2.2 and 2.3 exchange downloads will follow the next days i think

Thanks to @khoehn & @scotsie for providing data for testing and troubleshooting.

If someone wants to provide data for further testing, please use the GitHub - DMTF/Redfish-Mockup-Creator: A Python3 program that creates a Redfish Mockup folder structure from a real live Redfish service.
to generate a zip/tar file of your management interface.
It is not needed to post the file here. Please sent me this as PM.
Pay attention some Dell interfacess produce very huge results.
Some folders like “TelemetryService” can than be removed from the archive.

Also for troubleshooting normally i need a dump made with the mockup creator.
Troubleshooting with only screenshots und some lines of text is nearly impossible at such complex data structures.

5 Likes

Now running the redfish 2.2.29

On all redfish hosts:

the rule:

Is the redfish package a Checkmk agent and could is follow the versions of the Checmk releases or is the redfish package an agent plugin and report no an “agent plugin version”.

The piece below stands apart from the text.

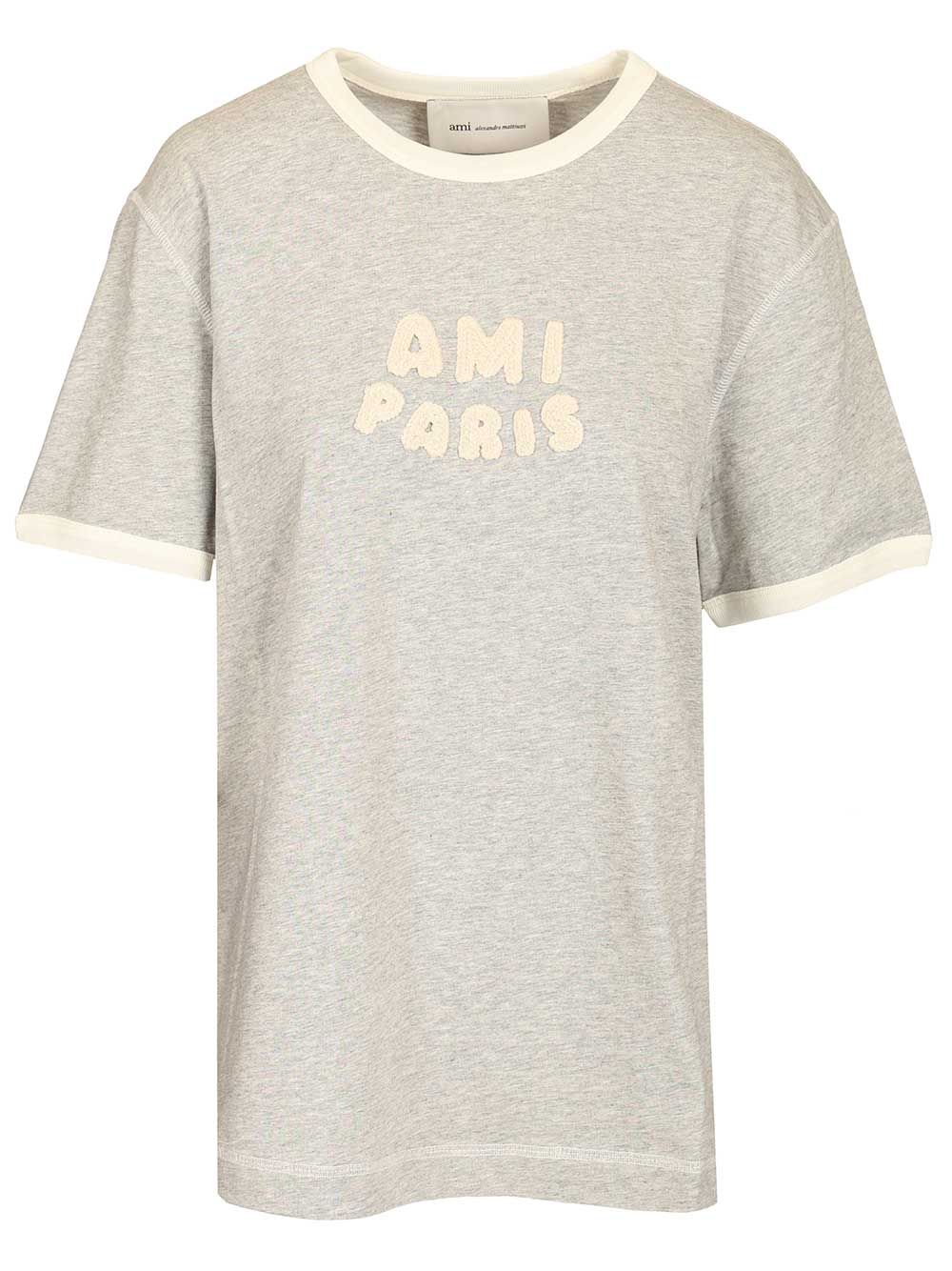 - SHORT SLEEVES CLASSIC FIT TEESHIRT WITH AMI PARIS KNITTED PATCH

The 2.0 makes no sense for a mkp package with version 2.2.29, for sure.

yes

no

It makes sense as the agent is the same for all versions 2.0 / 2.1 / 2.2
2.2.29 is the package with the checks for 2.2 / 2.1.29 is for 2.1 and so on

It is possible that the naming changes after integration into the core CMK, but from my side i don’t know what i should change. What you check with your rule is the installed agent version. The agent version of the Redfish plugin has nothing to do with the agent version of the “normal” CMK agent i would say.

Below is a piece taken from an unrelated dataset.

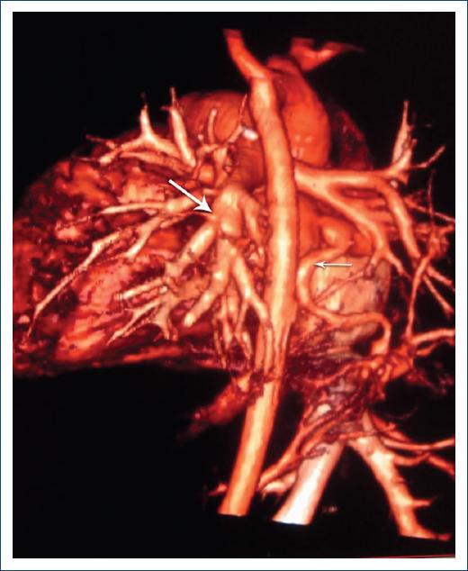 El ultrasonido abdominal mostró un vaso aberrante con origen en la aorta abdominal por arriba del tronco celíaco, y fístulas arteriovenosas confirmadas.

Best solution would be limiting the shown rule to hosts with Linux or Windows label. This label will be automatically set if agent is installed.

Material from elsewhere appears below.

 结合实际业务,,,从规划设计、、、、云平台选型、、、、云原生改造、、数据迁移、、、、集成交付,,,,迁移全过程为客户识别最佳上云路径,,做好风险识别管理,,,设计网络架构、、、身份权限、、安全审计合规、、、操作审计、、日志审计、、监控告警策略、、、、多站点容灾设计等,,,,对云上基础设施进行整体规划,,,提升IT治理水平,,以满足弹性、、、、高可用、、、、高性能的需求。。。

Today, new version with only a small fix for offline interfaces. These interfaces are now ignored at discovery time. This was submitted by tfoks · GitHub

2.1 - Check_MK-Things/check plugins 2.1/redfish/redfish-2.1.30.mkp at master · Yogibaer75/Check_MK-Things · GitHub
2.2 - Check_MK-Things/check plugins 2.2/redfish/redfish-2.2.30.mkp at master · Yogibaer75/Check_MK-Things · GitHub
2.3 - build 18.02.2024 - Check_MK-Things/check plugins 2.3/redfish/redfish-2.3.30.mkp at master · Yogibaer75/Check_MK-Things · GitHub

I think there is too much work at the CMK team in Munich to review the submitted exchange packages at the moment :wink:

1 Like

Yep, sorry… Thanks Andreas!

@andreas-doehler first I also want to say thanks for bringing this to the community!!

We currently are trying to use it for monitoring a Cisco blade systems which has no fans.
And, probably valid for all devices without fans, it results in crash in function discovery_redfish_fans.

def discovery_redfish_fans(section) -> DiscoveryResult:
    """Discover single fans"""
    for key in section.keys():
        fans = section[key].get("Fans", None)
        for fan in fans:                                            # here it crashes (None is not iterable)

IMHO (but of course implementation is up to you :slight_smile: ) both functions (discovery and check) should return an empty list when trying to get the fans:

def discovery_redfish_fans(section) -> DiscoveryResult:
    """Discover single fans"""
    for key in section.keys():
        fans = section[key].get("Fans", [])

        for fan in fans:
            if fan.get("Status", {}).get("State") == "Absent":
                continue
            fan_name = _fan_item_name(fan)
            if fan_name:
                yield Service(item=fan_name)


def check_redfish_fans(item: str, section) -> CheckResult:
    """Check single fan state"""
    fan = None
    for key in section.keys():
        fans = section[key].get("Fans", [])

        for fan_data in fans:
            fan_name = _fan_item_name(fan_data)
            if fan_name == item:
                fan = fan_data
                break

.....

Maybe you can fix this in your next release.

And again… thanks a lot!!
Christian

1 Like

Agree. Then the CheckMK rule shouldn’t match the non-“normal” CMK agents imho.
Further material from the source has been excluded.